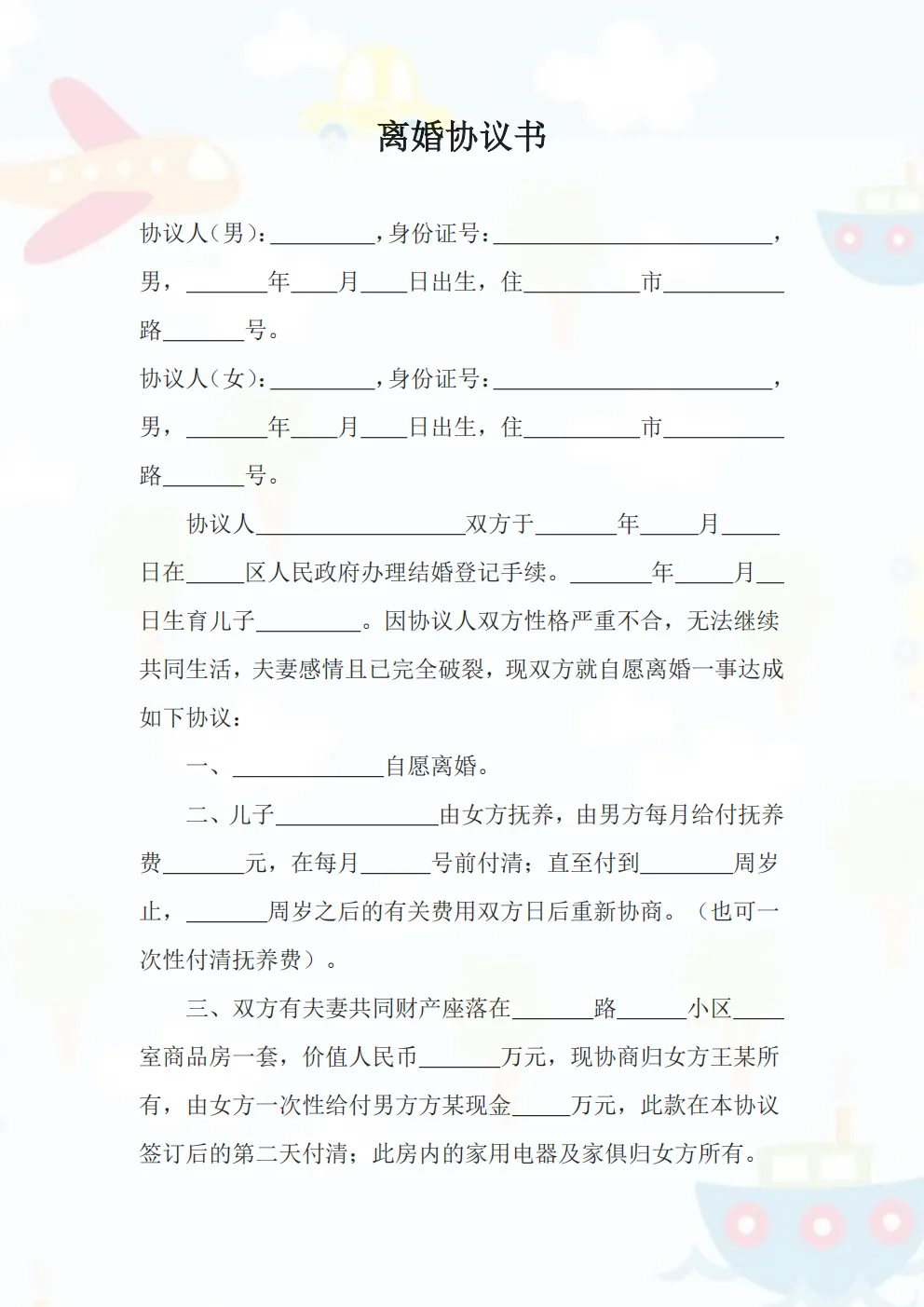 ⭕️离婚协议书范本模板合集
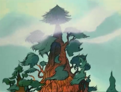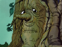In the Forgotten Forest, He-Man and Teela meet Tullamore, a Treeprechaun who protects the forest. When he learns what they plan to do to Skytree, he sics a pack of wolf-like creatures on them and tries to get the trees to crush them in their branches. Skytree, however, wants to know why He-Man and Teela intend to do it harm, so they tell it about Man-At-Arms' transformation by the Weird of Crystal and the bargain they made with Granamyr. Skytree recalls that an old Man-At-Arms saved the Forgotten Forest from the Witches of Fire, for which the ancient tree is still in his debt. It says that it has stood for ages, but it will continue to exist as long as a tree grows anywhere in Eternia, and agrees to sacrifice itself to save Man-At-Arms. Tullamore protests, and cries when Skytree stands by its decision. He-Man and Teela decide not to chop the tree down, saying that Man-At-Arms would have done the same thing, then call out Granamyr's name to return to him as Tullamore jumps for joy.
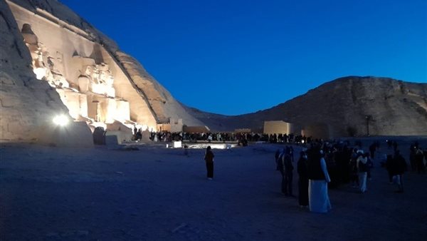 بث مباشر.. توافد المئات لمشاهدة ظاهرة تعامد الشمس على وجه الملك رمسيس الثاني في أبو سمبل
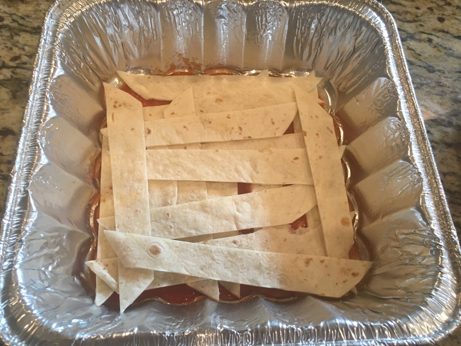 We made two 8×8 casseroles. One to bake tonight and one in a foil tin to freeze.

****************************************

◆ TASK ITEM: Images are to be skipped, and each line above is to be returned exactly.

◆ EXERCISE OUTPUT:
 ⭕️离婚协议书范本模板合集
In the Forgotten Forest, He-Man and Teela meet Tullamore, a Treeprechaun who protects the forest. When he learns what they plan to do to Skytree, he sics a pack of wolf-like creatures on them and tries to get the trees to crush them in their branches. Skytree, however, wants to know why He-Man and Teela intend to do it harm, so they tell it about Man-At-Arms' transformation by the Weird of Crystal and the bargain they made with Granamyr. Skytree recalls that an old Man-At-Arms saved the Forgotten Forest from the Witches of Fire, for which the ancient tree is still in his debt. It says that it has stood for ages, but it will continue to exist as long as a tree grows anywhere in Eternia, and agrees to sacrifice itself to save Man-At-Arms. Tullamore protests, and cries when Skytree stands by its decision. He-Man and Teela decide not to chop the tree down, saying that Man-At-Arms would have done the same thing, then call out Granamyr's name to return to him as Tullamore jumps for joy.
 بث مباشر.. توافد المئات لمشاهدة ظاهرة تعامد الشمس على وجه الملك رمسيس الثاني في أبو سمبل
 We made two 8×8 casseroles. One to bake tonight and one in a foil tin to freeze.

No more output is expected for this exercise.